Before delving into individual challenges, I would like to discuss a recurring theme that complicates the design of adaptive learning environments: the need to make trade-offs without clear guidance on how to do so. Any practical application of adaptive learning is constrained by limited resources, e.g., time, money, and people. While these constraints may vary significantly among environments, they always exist. Consequently, it is important to consider the cost-effectiveness of different development steps and to choose suitable trade-offs.

This aspect is not, of course, specific to the design of adaptive learning environments. Trade-offs and limitations by constraints are present in any endeavor. What distinguishes dealing with trade-offs in the design of educational technology is the absence of guidance for making these trade-offs. While there is extensive research in learning science and many studies of previously developed educational technologies, the published research revolves around questions like “Does an approach X improve student learning?” While these inquiries are scientifically valuable, they do not provide sufficient guidance for the practical design process. The fact that an approach X can enhance student learning does not automatically mean that it should be implemented. Another approach Y may yield slightly smaller improvement while being much more easily realizable; in such a case, Y should often get a priority. Designers of learning environments face many such trade-offs and must make decisions for which there is currently limited guidance.

Student Model

The goal of a student model is to provide an abstract representation of a student’s state that is then used by a pedagogical model to guide the adaptive behavior of a system. The key type of modeling is concerned with cognitive skills. It may be useful to model many aspects of a student state, including affect, motivation, or meta-cognition, but it makes sense to focus on these only once we have a reasonable model of skills. Since even skill modeling is full of challenges, I focus primarily on this aspect.

Exact Meaning of Skill

Research papers on student modeling are often concerned primarily with the description of algorithms and their evaluation without specifying in detail what they mean by “skill”. In fact, it is surprisingly tricky to properly clarify the meaning of this notion, which is central to student and domain modeling.

One confusing aspect is terminology: different authors use different terms, sometimes as synonyms, sometimes with different shades of meaning. For the term skill, other closely related ones are “knowledge component” or “concept” (Pelánek, 2022; Koedinger et al., 2012).

The notion of skill links student models and domain models, e.g., greatest common divisor is some part of arithmetic and also some specific aspect of student knowledge. This linking is naturally (and often implicitly) used in many student models. But it also creates potential confusion. What exactly do we mean by “skill”? Skill may reference a learning unit (something independent of individual students) or student knowledge (something specific to individual students).
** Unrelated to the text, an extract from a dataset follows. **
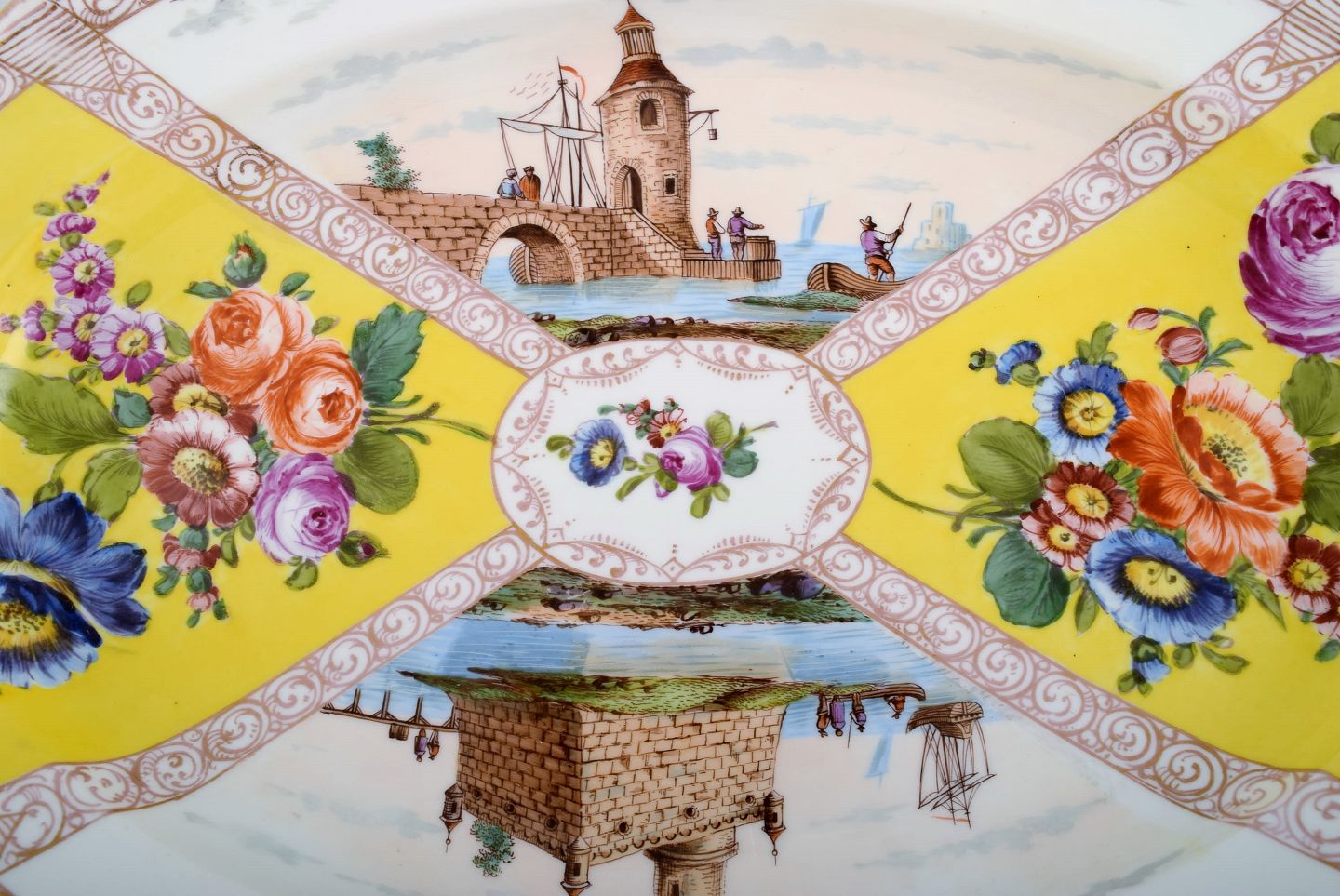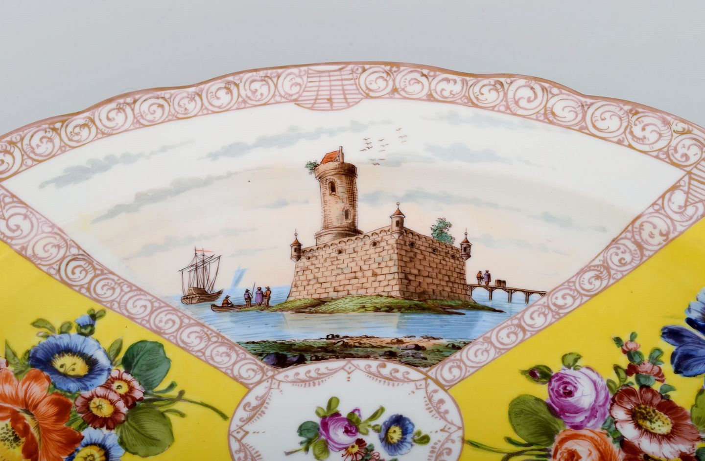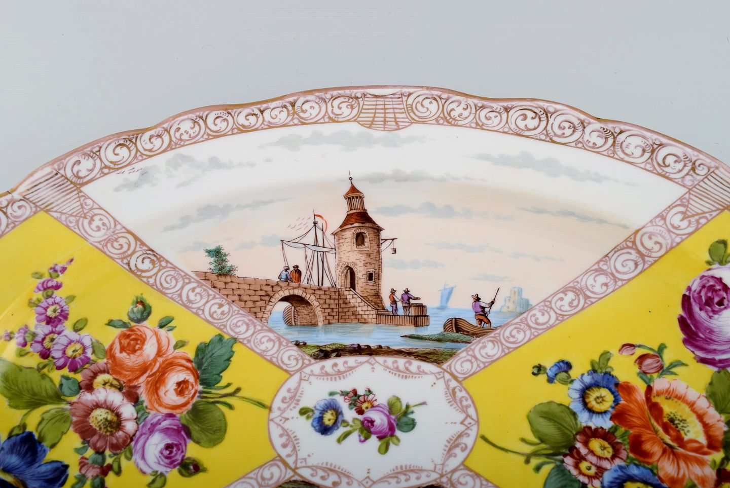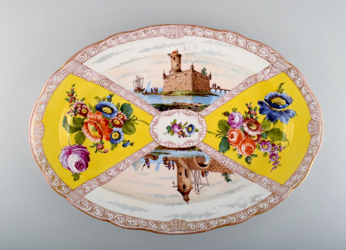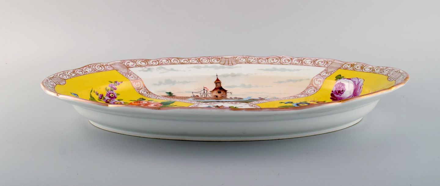 Stort antikt Meissen serveringsfad i håndmalet porcelæn med handelsstationer og blomster. 1800-tallet.

Even within these two, there are several possible specific meanings.

When considering skill as referring to student knowledge, it can have at least two distinct interpretations. We may refer to skill as a latent construct: “what Jane knows about the addition of fractions.” This is the aspect that we genuinely care about, i.e., the actual student learning. However, this latent construct is not something we can directly work with. Alternatively, we can work with skill as a model estimate – a quantitative representation of a student’s proficiency. For example, when we state that “Jane’s skill is 0.8,” we are essentially saying that a model estimates an 80% likelihood that Jane is able to add two fractions.
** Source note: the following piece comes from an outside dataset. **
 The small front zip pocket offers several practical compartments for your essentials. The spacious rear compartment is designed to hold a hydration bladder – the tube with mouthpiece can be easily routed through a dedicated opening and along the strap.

When considering skill as a learning unit, it can also have several specific meanings. Skill can be interpreted as a set of rules, such as a procedural description of rules to add fractions, along with potential misconceptions related to the process. Alternatively, skill can simply denote a collection of specific tasks.

In the context of this paper, I employ the term knowledge component when discussing learning units or components within a domain model and the term skill when referencing student knowledge.
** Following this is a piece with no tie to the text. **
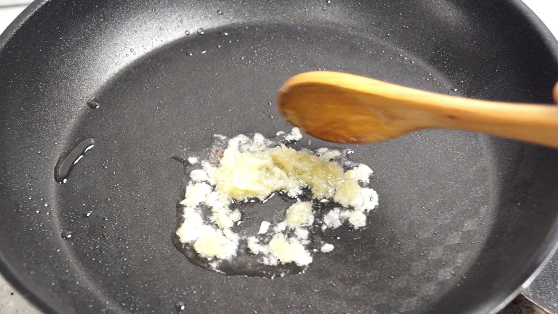22. 가지를 덜어낸 팬에 마늘과 식용유를 넣고 약불에 2분 정도 마늘기름을 내어주세요.

Exact Meaning of Skill Estimates

Even when considering skill estimates within student models, the exact meaning is nuanced (Pelánek, 2018a). The skill estimates typically take the form of a single number, e.g., for a Jane and addition of fractions, the skill estimate is 0.8. What is the exact meaning of this estimate? There are two principal interpretations:

  • The value expresses the uncertainty of a model estimate (while we assume a binary latent state of knowledge).

  • The number expresses the degree of knowledge (while we assume a continuous spectrum of knowledge).

The first approach is meaningful for skills that take the form of rules (like the addition of fractions), where the assumption of a binary latent state of knowledge is reasonable – it makes sense to talk about 80% chance that Jane knows how to add fractions. For factual knowledge (like vegetable vocabulary), however, it is more meaningful to use interpretation “Jane’s knowledge covers 80% of vegetable vocabulary.” Unless we use skills of very fine granularity, most skills are somewhere in between rules and factual knowledge, and thus, it would be useful to quantify both the uncertainty and degree of knowledge. This can be done using Bayesian modeling; see (Pelánek, 2018a) for a specific proposal. However, such a type of modeling increases the computational complexity of estimation and is not commonly used.

There are thus several approaches that a designer of a learning environment can use:

  • assume binary latent state even though it is, for some skills, a simplification, and use models that quantify the uncertainty of the estimate,

  • assume a more fine-grained spectrum of knowledge without quantifying uncertainty,

  • use a more complex model that addresses both uncertainty and degrees of knowledge but brings higher implementation and computational complexity.

This is a typical trade-off situation without a clear solution. Each of these approaches has its advantages and disadvantages. The proper choice depends on the circumstances, including the type of content, the available resources, and the required model precision for a personalization strategy that uses the model estimates.

Multiple Forms of Practice

Learning environments can offer students various modalities of practice to reinforce the same topic; Table 2 provides several specific examples. Incorporating diverse forms of practice has several advantages, e.g., it also enables better scaffolding of difficulty during learning and leads to more diverse and attractive practice.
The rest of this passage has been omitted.